**MATERIAL FOR THIS EXERCISE**
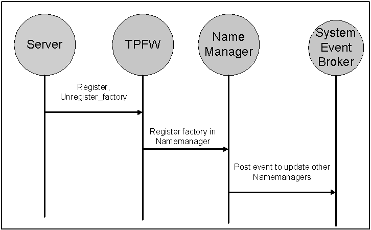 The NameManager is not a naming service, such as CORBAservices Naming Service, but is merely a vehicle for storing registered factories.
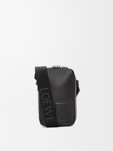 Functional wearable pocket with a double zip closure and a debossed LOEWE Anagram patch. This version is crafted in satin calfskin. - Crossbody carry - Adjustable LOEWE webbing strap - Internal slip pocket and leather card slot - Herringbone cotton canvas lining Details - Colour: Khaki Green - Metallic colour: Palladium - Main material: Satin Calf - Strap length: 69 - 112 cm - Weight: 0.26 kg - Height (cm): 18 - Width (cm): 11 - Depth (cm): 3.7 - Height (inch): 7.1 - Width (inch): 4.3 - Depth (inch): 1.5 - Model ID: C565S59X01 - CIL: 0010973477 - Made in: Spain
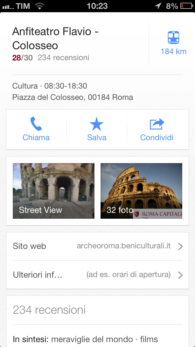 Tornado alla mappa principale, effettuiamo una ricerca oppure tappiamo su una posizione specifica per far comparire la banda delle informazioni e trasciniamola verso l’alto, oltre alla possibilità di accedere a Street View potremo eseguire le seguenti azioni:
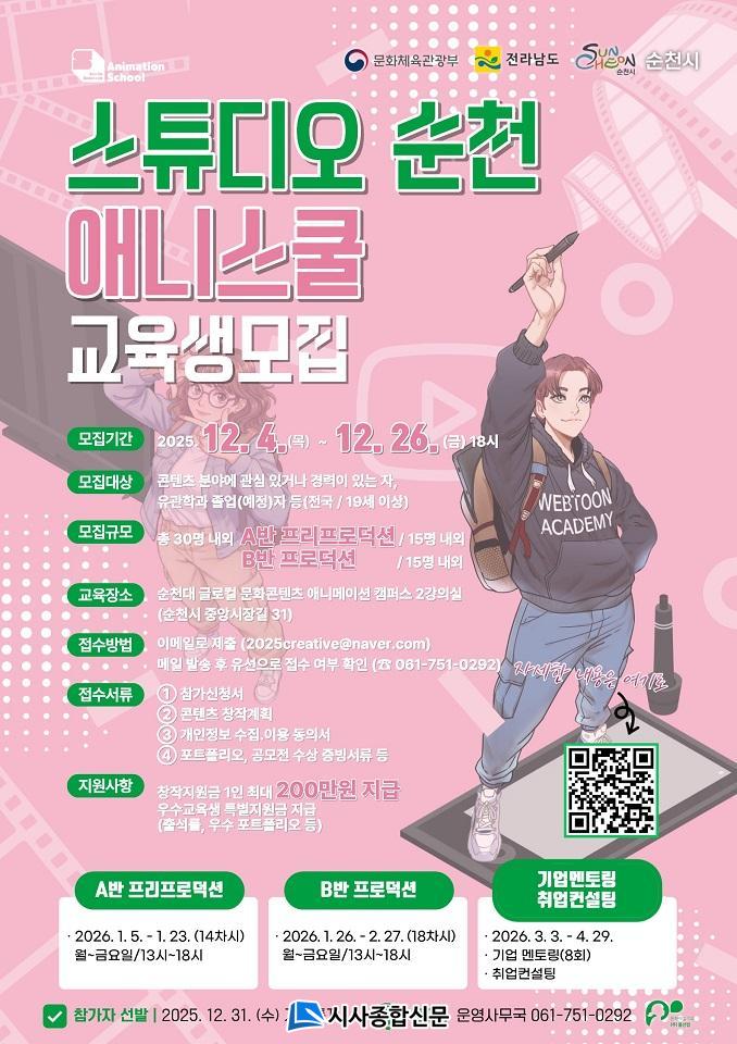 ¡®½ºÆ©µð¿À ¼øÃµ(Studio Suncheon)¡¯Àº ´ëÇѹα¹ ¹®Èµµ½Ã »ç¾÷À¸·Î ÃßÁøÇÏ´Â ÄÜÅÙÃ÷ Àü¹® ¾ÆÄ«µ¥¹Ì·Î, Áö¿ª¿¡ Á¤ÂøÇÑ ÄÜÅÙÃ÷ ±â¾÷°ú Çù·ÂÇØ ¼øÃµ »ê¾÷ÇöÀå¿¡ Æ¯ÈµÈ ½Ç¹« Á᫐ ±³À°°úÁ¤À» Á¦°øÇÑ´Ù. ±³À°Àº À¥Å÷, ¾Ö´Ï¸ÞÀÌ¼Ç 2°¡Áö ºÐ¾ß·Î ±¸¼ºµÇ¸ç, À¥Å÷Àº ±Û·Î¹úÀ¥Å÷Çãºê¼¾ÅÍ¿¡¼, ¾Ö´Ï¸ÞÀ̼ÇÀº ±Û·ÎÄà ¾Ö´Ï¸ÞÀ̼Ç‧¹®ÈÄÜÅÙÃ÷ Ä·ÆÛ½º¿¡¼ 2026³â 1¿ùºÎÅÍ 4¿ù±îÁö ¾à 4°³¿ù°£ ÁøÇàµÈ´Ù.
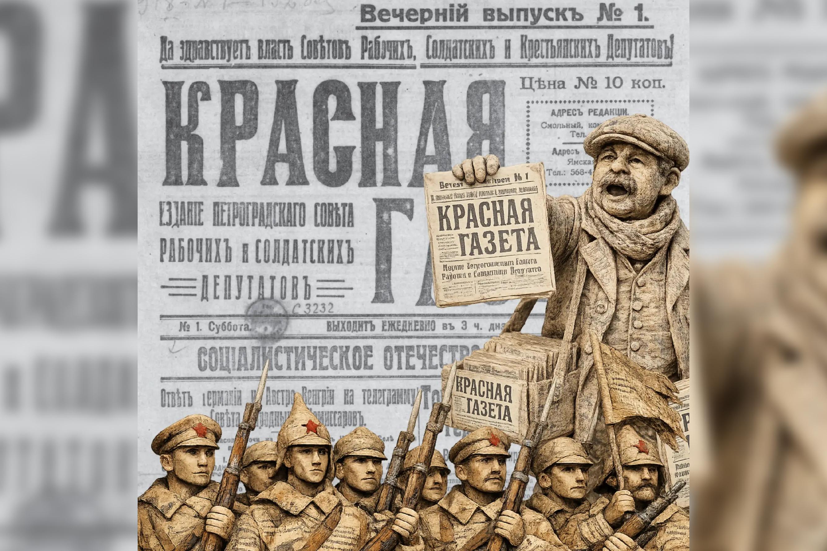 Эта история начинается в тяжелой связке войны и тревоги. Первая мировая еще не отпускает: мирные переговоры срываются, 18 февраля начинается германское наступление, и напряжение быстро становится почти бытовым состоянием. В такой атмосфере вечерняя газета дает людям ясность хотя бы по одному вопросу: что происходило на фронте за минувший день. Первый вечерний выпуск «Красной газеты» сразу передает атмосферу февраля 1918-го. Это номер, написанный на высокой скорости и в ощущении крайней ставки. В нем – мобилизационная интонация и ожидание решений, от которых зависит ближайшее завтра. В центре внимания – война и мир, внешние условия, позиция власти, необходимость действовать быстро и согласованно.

**REQUIREMENT**
Copy nothing but the lines from the top of the data down to the line containing "Functional wearable pocket", and leave the pictures out.

**THE COMPLETED TASK**
 The NameManager is not a naming service, such as CORBAservices Naming Service, but is merely a vehicle for storing registered factories.
 Functional wearable pocket with a double zip closure and a debossed LOEWE Anagram patch. This version is crafted in satin calfskin. - Crossbody carry - Adjustable LOEWE webbing strap - Internal slip pocket and leather card slot - Herringbone cotton canvas lining Details - Colour: Khaki Green - Metallic colour: Palladium - Main material: Satin Calf - Strap length: 69 - 112 cm - Weight: 0.26 kg - Height (cm): 18 - Width (cm): 11 - Depth (cm): 3.7 - Height (inch): 7.1 - Width (inch): 4.3 - Depth (inch): 1.5 - Model ID: C565S59X01 - CIL: 0010973477 - Made in: Spain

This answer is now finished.